The case at hand involved a 2019 lawsuit from the Freedom From Religion Foundation, a group comprised of atheists and agnostics, who argued that Mack's practice of beginning each court day with a prayer delivered by faith leaders from the community.
"We cannot credit the plaintiffs' assertion that 'coercion in a courtroom doesn't come from the imposition of actual prejudice; it comes from a perceived risk of prejudice,'" the judges wrote in their opinion. "The plaintiffs must present evidence that any such perception is objectively reasonable — evidence from which we can conclude that 'coercion is a real and substantial likelihood.'"
The judges also said that Mack can continue his daily prayer practice in the courtroom as long as he allows leaders from different faith backgrounds to participate and does not penalize anyone who chooses not to participate.

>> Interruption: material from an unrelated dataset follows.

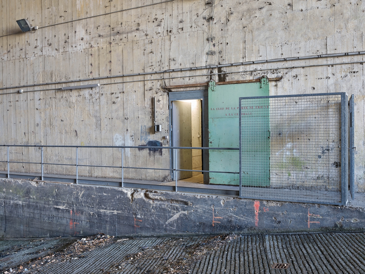 Vue de la porte d'accès depuis l'alvéole du slipway (porte coulissante)Immatriculation

However, U.S. Circuit Judge E. Grady Jolly dissented, arguing it was "reasonable to believe that non-participation will draw his ire, as the former Pentecostal minister campaigned on having prayer in his court" and "has acted hostile following a litigant's noncooperation in the prayer."
Allyson Ho, an appellate lawyer at Gibson, Dunn & Crutcher who represented Mack, said that the court recognized "that the history, character, and context of his opening ceremony – which includes welcoming volunteer chaplains of all faiths to lead invocations according to the diverse traditions of those faiths – comports with the Constitution."

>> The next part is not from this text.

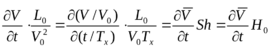 Здесь помимо характерного масштаба времениTo, характеризующего процесс течения в целом введено характерное локальное времяTx, характеризующее локальный нестационарный процесс. Например, To- время обтекания цилиндра с характерным линейным размером Lo=d и скоростью Vo=V∞, Tx- период схода вихревых шнуров за цилиндром в вихревой дорожке Кармана.

Meanwhile, FFRF's co-president, Annie Laurie Gaylor, called the decision "disturbing," according to the Houston Chronicle.
"A courtroom is not a church, and a judge's bench should not be a pulpit," Gaylor said. "It is a dishonest decision claiming a tradition of courtroom prayer and denying it is coercive."
Last week's ruling comes years after a 2014 U.S. Supreme Court ruling that stated prayers before government meetings were constitutional.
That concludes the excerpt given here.